5. Fungsi Pergetahan
Kulit diliputi oleh dua jenis pergetahan, yaitu sebum dan keringat. Getah sebum
dihasilkan oleh kelenjar sebaseus dan keringat dihasilkan oleh kelenjar keringat.
Sebum adalah sejenis zat lemak yang membuat kulit menjadi lentur.
2.2 Melasma Definisi Melasma
Melasma adalah hipermelanosis yang tidak merata terutama pada muka,
berwarna coklat muda sampai coklat tua, berkembang lambat, dan umumnya
simetrik. Melasma atau flek pada wajah biasanya terjadi karena meningkatnya
pigmentasi pada bagian yang sering terpapar sinar matahari. Melasma berbentuk
bercak gelap tidak beraturan pada kulit. Paparan sinar matahari meningkatkan
aktivitas dan jumlah melanosit, sel yang memproduksi melanin.
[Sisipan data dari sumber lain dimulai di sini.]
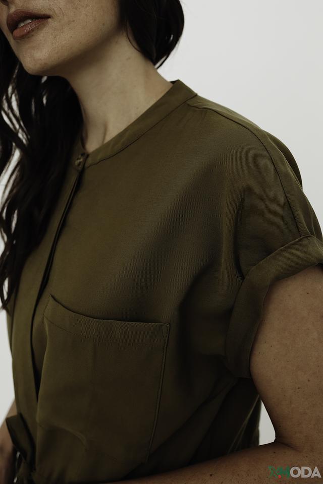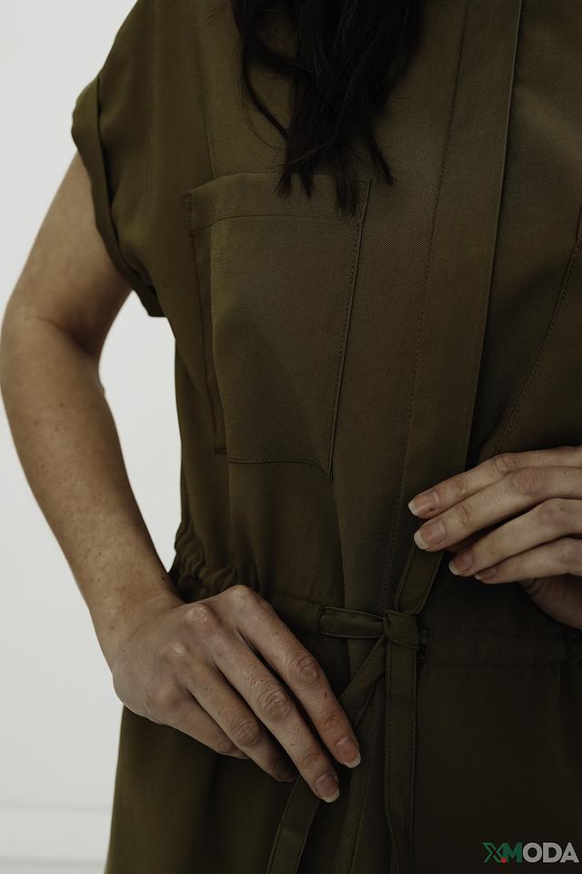 Платье имеет прямой крой, короткие рукава с манжетами и V-образный вырез. На передней части расположены накладные карманы, добавляющие практичности и стиля. Талию можно подчеркнуть с помощью притачного пояса с завязками.

Hasilnya produksi
Gambar 2. Melasma Pada Wajah
Etiologi
Melasma yang dahulu disebut kloasma umumnya lebih banyak pada wanita
dan penduduk yang tinggal di daerah tropis. Melasma disebabkan peningkatan jumlah
dan aktivitas melanosit. Faktor-faktor yang berperan :
1. obat-obatan, misalnya : kloroquin, klorpromazin, anti epilepsi.
2. hormon, misalnya : Melanosit Stimulating Hormon (M.S.H), ACTH,
estrogen, dan progesterone.
3. sinar ultraviolet
5. bahan kimia yang bersifat iritasi atau fotosensitasi (dalam kosmetik)
(Djuanda, A, dkk,1993).
Warna kulit manusia ditentukan oleh berbagai faktor, terutama oleh pigmen
melanin. Melanosis adalah kelainan pada proses pembentukan pigmen melanin kulit
yang dibagi lagi menjadi hipermelanosis dan hipomelanosis.
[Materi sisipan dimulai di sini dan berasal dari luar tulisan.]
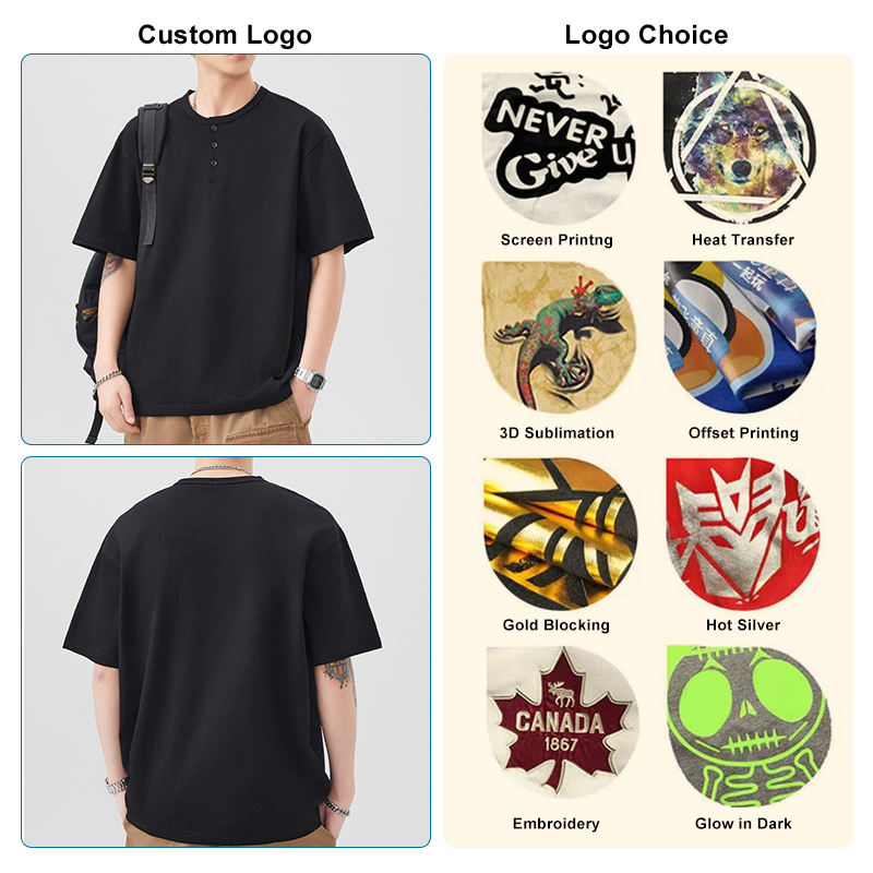 เสื้อฮีนลีย์ผลิตตามสั่ง ผ้าเปล่า 250GSM หนัก น้ำหนักมาก ผ้ายืด/ไนลอน แห้งเร็ว เสื้อผ้าสตรีทแวร์ แขนสั้น ยูนิเซ็กซ์

Fitzpatrick membaginya dalam:
a. hipomelanosis/amelanosis
b. hipermelanosis coklat
c. hipermelanosis abu-abu.
Perbedaan kedua golongan hipermelanosis tersebut terletak pada distribusi
melanin dalam kulit. Pada hipermelanosis coklat melanin letaknya lebih dangkal, dan
pada hipermelanosis abu-abu, melanin letaknya dalam.
Klasifikasi
Terdapat beberapa jenis melasma ditinjau dari gambaran klinis, berdasarkan
distribusi bercaknya yaitu :
1. pola sentrofasial (63% , terdapat pada kening, hidung, dagu, dan di atas
bibir)
2. pola malar (21 % , terdapat pada hidung dan pipi)
3. pola mandibular (16 %, terdapat pada dagu)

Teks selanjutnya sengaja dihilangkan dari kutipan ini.